What the exercise asks:
Will you transcribe all the entries word for word, skipping the pictures they hold?

-- Task input follows --

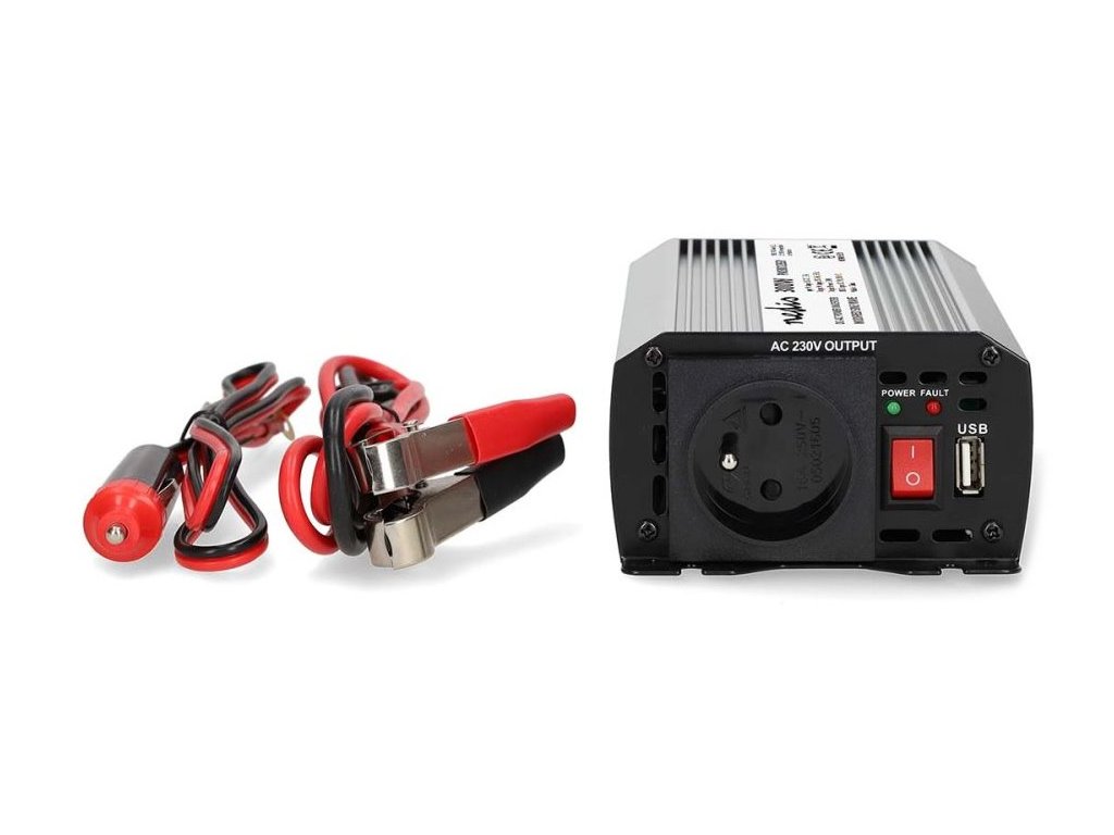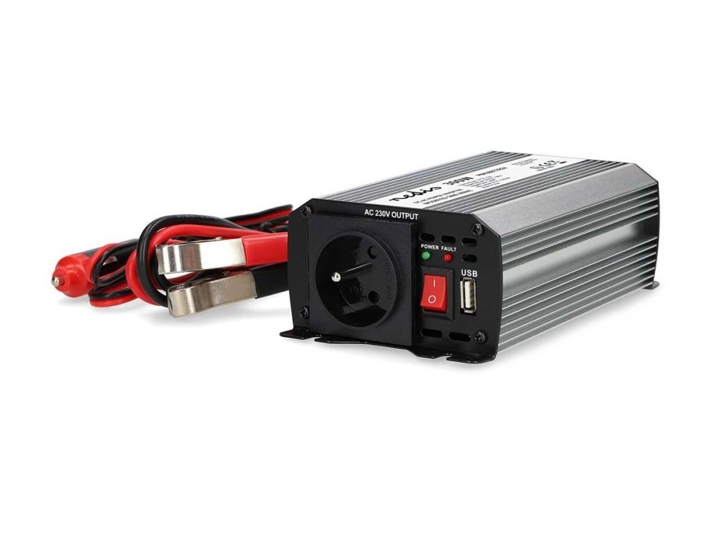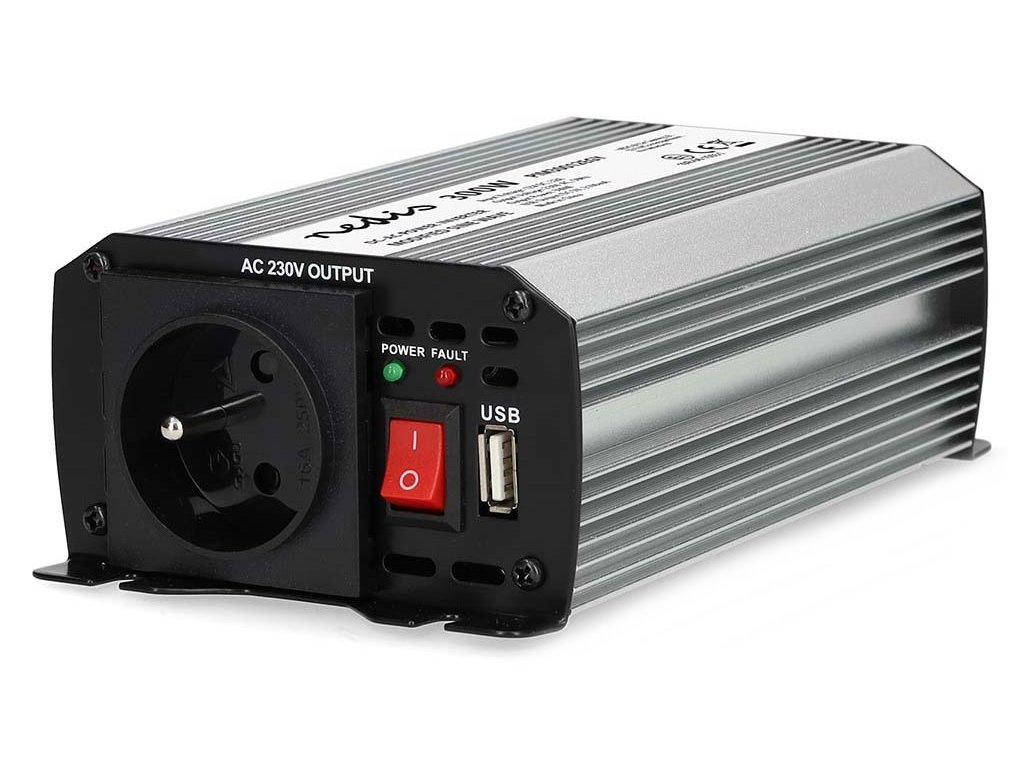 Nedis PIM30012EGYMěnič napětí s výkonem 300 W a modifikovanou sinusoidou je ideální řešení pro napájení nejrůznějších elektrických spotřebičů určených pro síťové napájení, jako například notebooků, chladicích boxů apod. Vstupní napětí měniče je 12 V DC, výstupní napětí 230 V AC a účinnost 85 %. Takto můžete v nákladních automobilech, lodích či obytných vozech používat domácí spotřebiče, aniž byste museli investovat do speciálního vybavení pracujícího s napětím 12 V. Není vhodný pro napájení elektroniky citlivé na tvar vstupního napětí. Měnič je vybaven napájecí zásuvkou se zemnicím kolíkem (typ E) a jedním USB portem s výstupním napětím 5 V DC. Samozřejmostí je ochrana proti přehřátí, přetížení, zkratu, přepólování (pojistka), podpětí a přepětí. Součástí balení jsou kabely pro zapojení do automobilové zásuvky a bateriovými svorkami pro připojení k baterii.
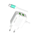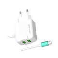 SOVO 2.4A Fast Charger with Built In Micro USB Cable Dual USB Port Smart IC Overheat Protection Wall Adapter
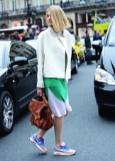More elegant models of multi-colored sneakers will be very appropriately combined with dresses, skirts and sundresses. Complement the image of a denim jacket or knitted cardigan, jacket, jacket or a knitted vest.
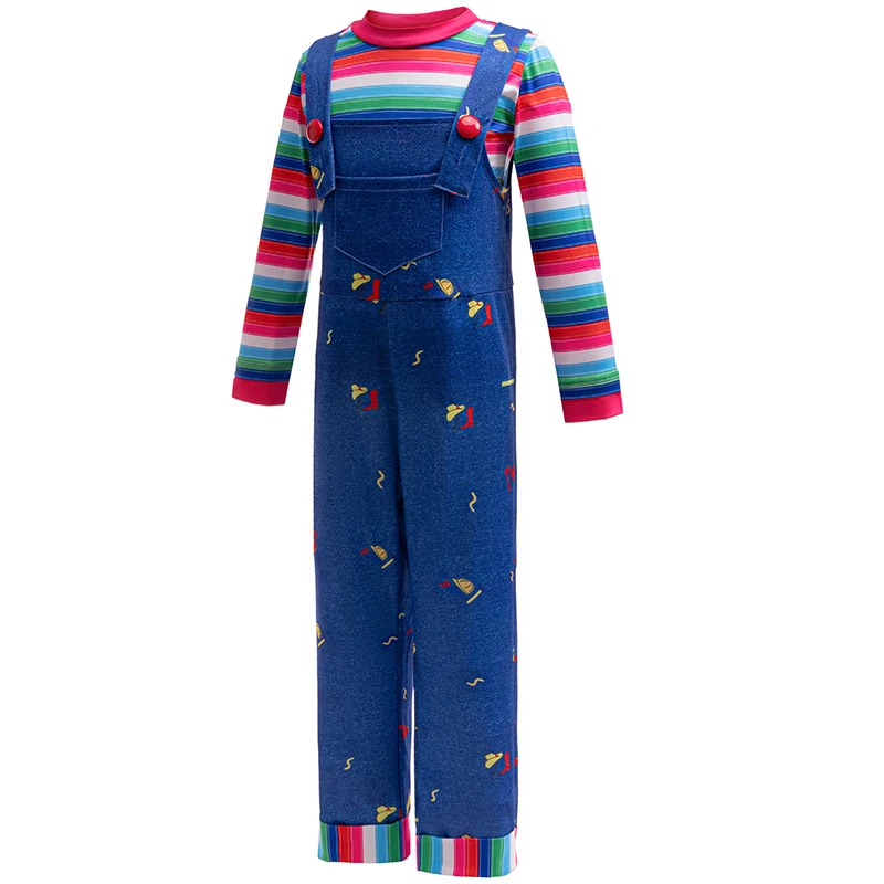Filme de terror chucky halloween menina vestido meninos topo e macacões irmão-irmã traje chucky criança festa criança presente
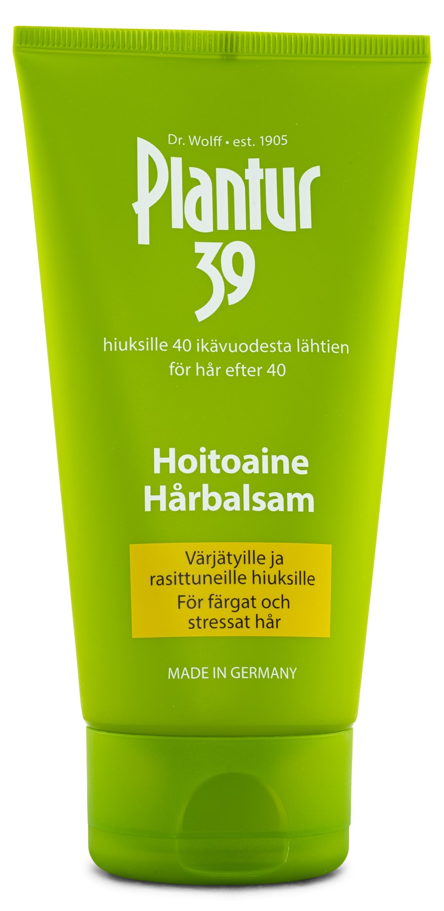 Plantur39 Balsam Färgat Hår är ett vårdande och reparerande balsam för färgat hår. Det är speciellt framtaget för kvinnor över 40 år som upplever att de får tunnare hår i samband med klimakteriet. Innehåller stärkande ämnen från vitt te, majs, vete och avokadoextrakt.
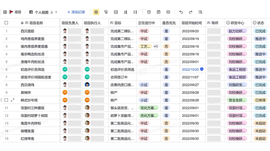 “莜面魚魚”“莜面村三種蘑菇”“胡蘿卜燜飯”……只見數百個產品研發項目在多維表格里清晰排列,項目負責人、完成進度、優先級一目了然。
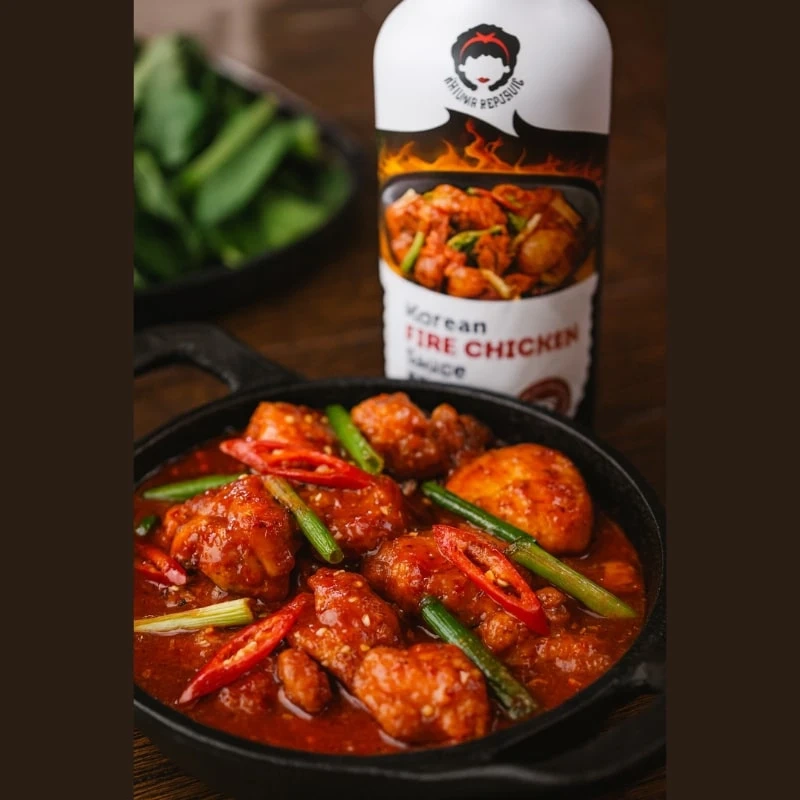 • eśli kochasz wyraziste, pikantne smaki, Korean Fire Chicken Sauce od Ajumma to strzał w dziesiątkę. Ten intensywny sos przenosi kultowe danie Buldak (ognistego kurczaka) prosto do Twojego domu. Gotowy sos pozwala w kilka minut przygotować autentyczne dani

-- Task input concluded --

Task result:
 Nedis PIM30012EGYMěnič napětí s výkonem 300 W a modifikovanou sinusoidou je ideální řešení pro napájení nejrůznějších elektrických spotřebičů určených pro síťové napájení, jako například notebooků, chladicích boxů apod. Vstupní napětí měniče je 12 V DC, výstupní napětí 230 V AC a účinnost 85 %. Takto můžete v nákladních automobilech, lodích či obytných vozech používat domácí spotřebiče, aniž byste museli investovat do speciálního vybavení pracujícího s napětím 12 V. Není vhodný pro napájení elektroniky citlivé na tvar vstupního napětí. Měnič je vybaven napájecí zásuvkou se zemnicím kolíkem (typ E) a jedním USB portem s výstupním napětím 5 V DC. Samozřejmostí je ochrana proti přehřátí, přetížení, zkratu, přepólování (pojistka), podpětí a přepětí. Součástí balení jsou kabely pro zapojení do automobilové zásuvky a bateriovými svorkami pro připojení k baterii.
 SOVO 2.4A Fast Charger with Built In Micro USB Cable Dual USB Port Smart IC Overheat Protection Wall Adapter
More elegant models of multi-colored sneakers will be very appropriately combined with dresses, skirts and sundresses. Complement the image of a denim jacket or knitted cardigan, jacket, jacket or a knitted vest.
Filme de terror chucky halloween menina vestido meninos topo e macacões irmão-irmã traje chucky criança festa criança presente
 Plantur39 Balsam Färgat Hår är ett vårdande och reparerande balsam för färgat hår. Det är speciellt framtaget för kvinnor över 40 år som upplever att de får tunnare hår i samband med klimakteriet. Innehåller stärkande ämnen från vitt te, majs, vete och avokadoextrakt.
 “莜面魚魚”“莜面村三種蘑菇”“胡蘿卜燜飯”……只見數百個產品研發項目在多維表格里清晰排列,項目負責人、完成進度、優先級一目了然。
 • eśli kochasz wyraziste, pikantne smaki, Korean Fire Chicken Sauce od Ajumma to strzał w dziesiątkę. Ten intensywny sos przenosi kultowe danie Buldak (ognistego kurczaka) prosto do Twojego domu. Gotowy sos pozwala w kilka minut przygotować autentyczne dani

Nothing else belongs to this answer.